## TASK OBJECTIVE
Below is a listing. Return the lines from the one that contains "2017春夏新款雪纺条纹花裙子大摆松紧半身裙优雅压褶中长裙" to the one that contains "prednji naslon ruke", both ends included, verbatim and with no pictures.

## RECORDS PROVIDED
▬▬▬

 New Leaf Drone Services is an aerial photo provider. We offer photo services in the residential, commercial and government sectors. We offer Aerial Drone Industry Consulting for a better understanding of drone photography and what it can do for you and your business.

▬▬▬

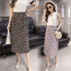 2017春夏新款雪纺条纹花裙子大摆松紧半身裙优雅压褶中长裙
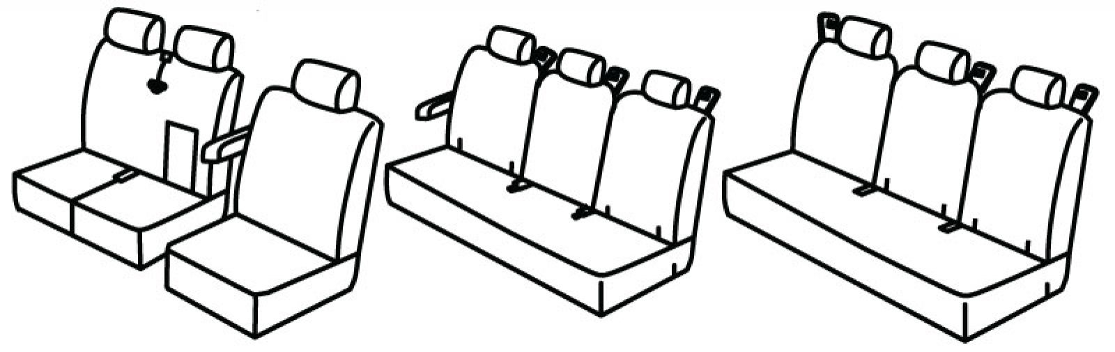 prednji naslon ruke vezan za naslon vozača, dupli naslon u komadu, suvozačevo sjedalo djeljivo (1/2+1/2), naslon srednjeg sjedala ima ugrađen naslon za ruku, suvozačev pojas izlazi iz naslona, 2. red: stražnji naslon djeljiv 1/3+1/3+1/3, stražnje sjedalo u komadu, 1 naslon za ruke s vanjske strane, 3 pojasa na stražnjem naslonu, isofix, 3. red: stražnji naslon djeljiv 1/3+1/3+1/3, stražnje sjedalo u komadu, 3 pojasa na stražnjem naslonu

▬▬▬

## SOLUTION TO THIS PROBLEM
 2017春夏新款雪纺条纹花裙子大摆松紧半身裙优雅压褶中长裙
 prednji naslon ruke vezan za naslon vozača, dupli naslon u komadu, suvozačevo sjedalo djeljivo (1/2+1/2), naslon srednjeg sjedala ima ugrađen naslon za ruku, suvozačev pojas izlazi iz naslona, 2. red: stražnji naslon djeljiv 1/3+1/3+1/3, stražnje sjedalo u komadu, 1 naslon za ruke s vanjske strane, 3 pojasa na stražnjem naslonu, isofix, 3. red: stražnji naslon djeljiv 1/3+1/3+1/3, stražnje sjedalo u komadu, 3 pojasa na stražnjem naslonu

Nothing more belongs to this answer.